We need one more distinction to explain Columbia’s actions. Not only has Columbia University failed to see the nonmarket value of information, it—like much of the university community—also consistently seems to conflate education with information. To put it bluntly, information is raw data. It’s stuff. Unless and until it’s commodified, it is usually free and easy to get.

Education, however, is performance. It’s expertise. It’s humane. It’s challenging. It’s loving. It is a function of relationships, trust, patience, opportunity, and environment. The information one gets from Columbia University is available everywhere. The education one gets from Columbia is rare—naturally scarce. Some people choose to go six figures in debt to obtain it. Regardless of Merrill Lynch’s predictions, few people seem willing to pay $500 for text on a Web site, and Fathom still seems to be struggling to define its market and delivery model.
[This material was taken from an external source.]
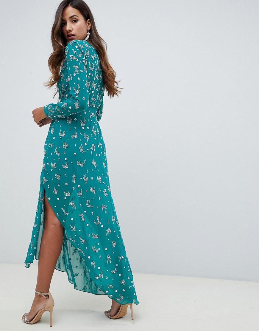 Plunge wrap maxi dress clearance
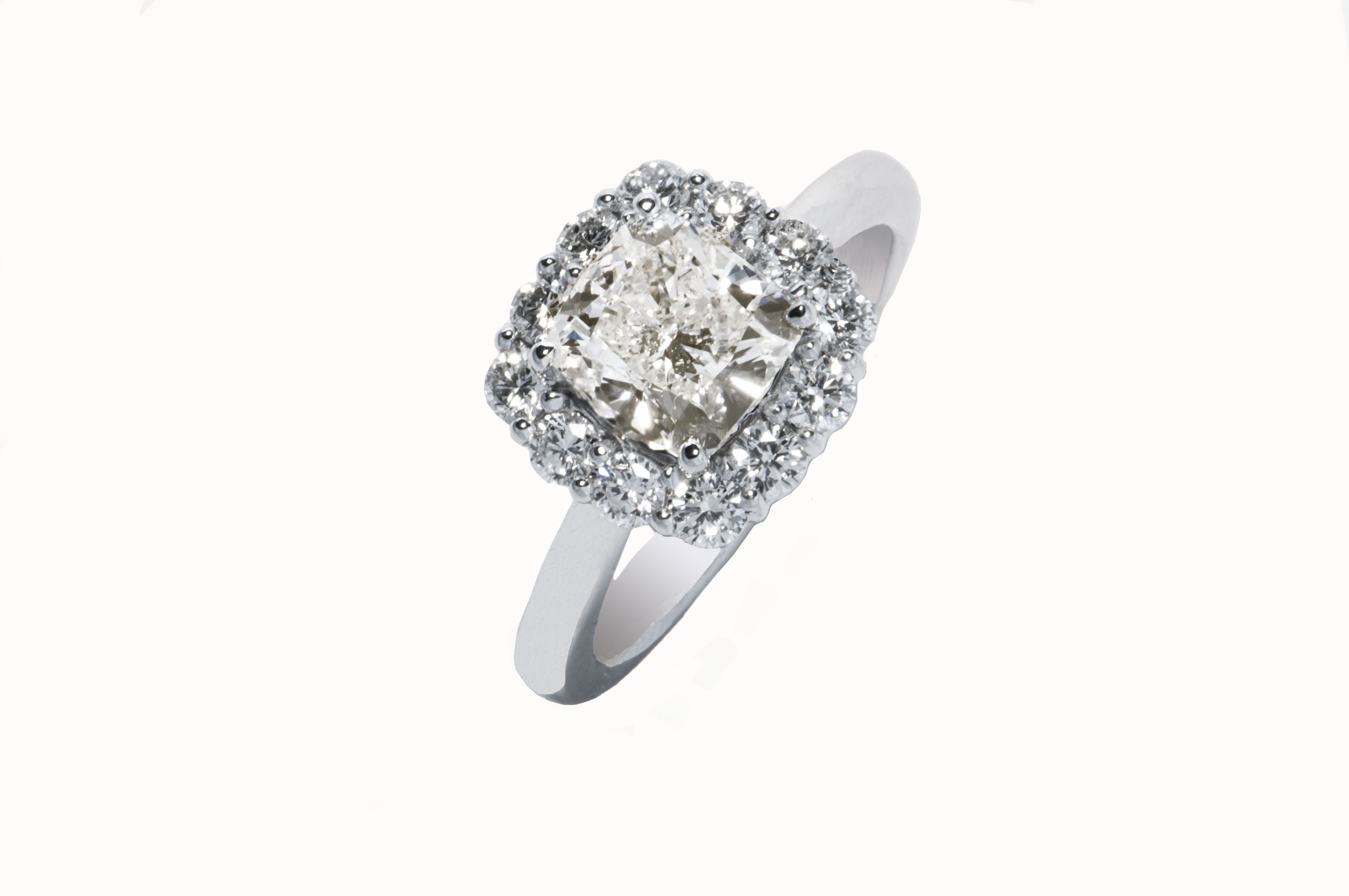 Cushion Halo Ring 1.71 ct wh cu center 0.64 ct tw br melees 27.34 ct tw

This apparent lack of enthusiasm for purchasing information online makes the controversy over the “control of content” seem irrelevant. Faculty members have voiced much consternation about the claim that universities “own” the content of online courses as works made for hire. Faculty, understandably, do not want to set a dangerous precedent. Many of us earn outside income by writing and publishing. If universities consider our Web pages “works made for hire” instead of “ publications,” we risk the portability of our courses and potential reward for our efforts in designing them.

But in fact, we do not. Copyright law does not generally regulate facts, data, ideas, or incidental performance. And that’s what teaching is all about. If a university thinks it is going to make money off my course outline, my collection of links, and my take-home exam questions, it is sadly mistaken. No one is. They aren’t worth much. People pay for my jokes, my smile, and my wisdom. They don’t pay for the information in my head. After all, most of it came from the relatively open information ecosystem we all have learned to exploit, if not acknowledge.

Nonetheless, we are witnessing a “mad rush” to commodify education, and this rush will have some pernicious results. Until faculties across the curriculum unite to discuss their common interest in maintaining affordable, open access to information, universities will increasingly collude with and act like mere “content providers.” And they will no longer be universities.

Siva Vaidhyanathan is an assistant professor in the Department of Culture and Communication at New York University and the author of Copyrights and Copywrongs: The Rise of Intellectual Property and How It Threatens Creativity, published in 2001.